As you will read below, the SEITL model has been proposed as a mechanistic explanation for a two-wave influenza A/H3N2 epidemic that occurred on the remote island of Tristan da Cunha in 1971. Given the small population size of this island (284 inhabitants), random effects at the individual level may have had important consequences at the population level. For instance, even if the distribution of the infectious period is the same for all islanders, some islanders will stay infectious longer than others just by chance and might therefore produce more secondary cases. This phenomenon is called demographic stochasticity and it could have played a significant role in the dynamics of the epidemic on Tristan da Cunha.
Unsurprisingly, to account for demographic stochasticity we need a stochastic model. However, as you will see in this session and the following, simulating and fitting a stochastic model is much more computationally costly than doing so for a deterministic model. This is why it is important to understand when and why you need to use stochastic or deterministic models. In fact, we hope that by the end of the day you’ll be convinced that both approaches are complementary.
Finally, because this session is devoted to modelling rather than fitting, we thought it was useful to show you how you can make your model biologically more realistic by using distributions for the time spent in each compartment that are more realistic than the exponential distribution.
In brief, in this session you will:
But first of all, let’s have a look at the data.
Tristan da Cunha is a volcanic island in the South Atlantic Ocean. It has been inhabited since the \(19^{th}\) century and in 1971, the 284 islanders were living in the single village of the island: Edinburgh of the Seven Seas. Whereas the internal contacts were typical of close-knit village communities, contacts with the outside world were infrequent and mostly due to fishing vessels that occasionally took passengers to or from the island. These ships were often the cause of introduction of new diseases into the population. As for influenza, no outbreak had been reported since an epidemic of A/H1N1 in 1954. In this context of a small population with limited immunity against influenza, an unusual epidemic occurred in 1971, 3 years after the global emergence of the new subtype A/H3N2.
On August 13, a ship returning from Cape Town landed five islanders on Tristan da Cunha. Three of them had developed acute respiratory disease during the 8-day voyage and the other two presented similar symptoms immediately after landing. Various family gatherings welcomed their disembarkation and in the ensuing days an epidemic started to spread rapidly throughout the whole island population. After three weeks of propagation, while the epidemic was declining, some islanders developed second episodes of illness and a second peak of cases was recorded. The epidemic faded out after this second wave and lasted a total of 59 days. Despite the lack of virological data, serological evidence indicates that all episodes of illness were due to influenza A/H3N2.
Among the 284 islanders, 273 (96%) experienced at least one episode of illness and 92 (32%) experienced two, which is remarkable for influenza. Unfortunately, only 312 of the 365 attacks (85%) are known to within a single day of accuracy and constitute the dataset reported by Mantle & Tyrrell in 1973.

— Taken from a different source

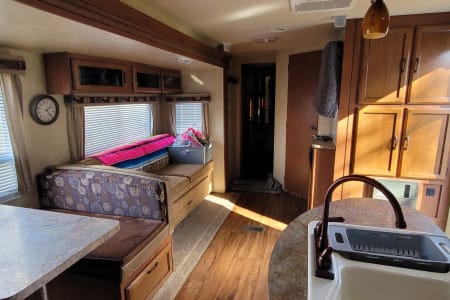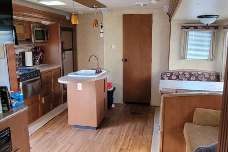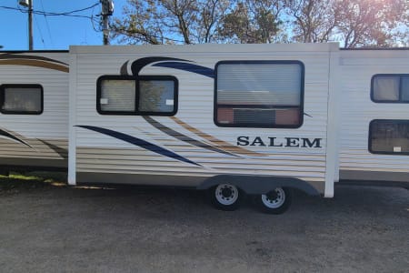Roomy, family friendly camper with 3 smart TVs! Has a private Queen bedroom in front and private back bunk room. 3 slide outs total and an outdoor kitchen.

The dataset of daily incidence can be loaded and plotted as follows:
data(fluTdc1971)
head(fluTdc1971)
## date time obs
## 1 1971-08-13 1 0
## 2 1971-08-14 2 1
## 3 1971-08-15 3 0
## 4 1971-08-16 4 10
## 5 1971-08-17 5 6
## 6 1971-08-18 6 32
# plot daily observed incidence
plotTraj(data = fluTdc1971)
One possible explanation for the rapid influenza reinfections reported during this two-wave outbreak is that following recovery from a first infection, some islanders did not develop long-term protective immunity and remained fully susceptible to reinfection by the same influenza strain that was still circulating. This can be modelled as follows:
The SEITL model can be described with five states (S, E, I, T and L) and five parameters:
and the following deterministic equations:
\[ \begin{cases} \begin{aligned} \frac{\mathrm{d}S}{\mathrm{d}t} &= - \beta S \frac{I}{N} + (1-\alpha) \tau T\\ \frac{\mathrm{d}E}{\mathrm{d}t} &= \beta S \frac{I}{N} - \epsilon E\\ \frac{\mathrm{d}I}{\mathrm{d}t} &= \epsilon E - \nu I\\ \frac{\mathrm{d}T}{\mathrm{d}t} &= \nu I - \tau T\\ \frac{\mathrm{d}L}{\mathrm{d}t} &= \alpha \tau T\\ \end{aligned} \end{cases} \]
where \(\beta=R_0/D_\mathrm{inf}\), \(\epsilon=1/D_\mathrm{lat}\), \(\nu = 1/D_\mathrm{inf}\), \(\tau=1/D_\mathrm{imm}\) and \(N = S + E + I + L + T\) is constant.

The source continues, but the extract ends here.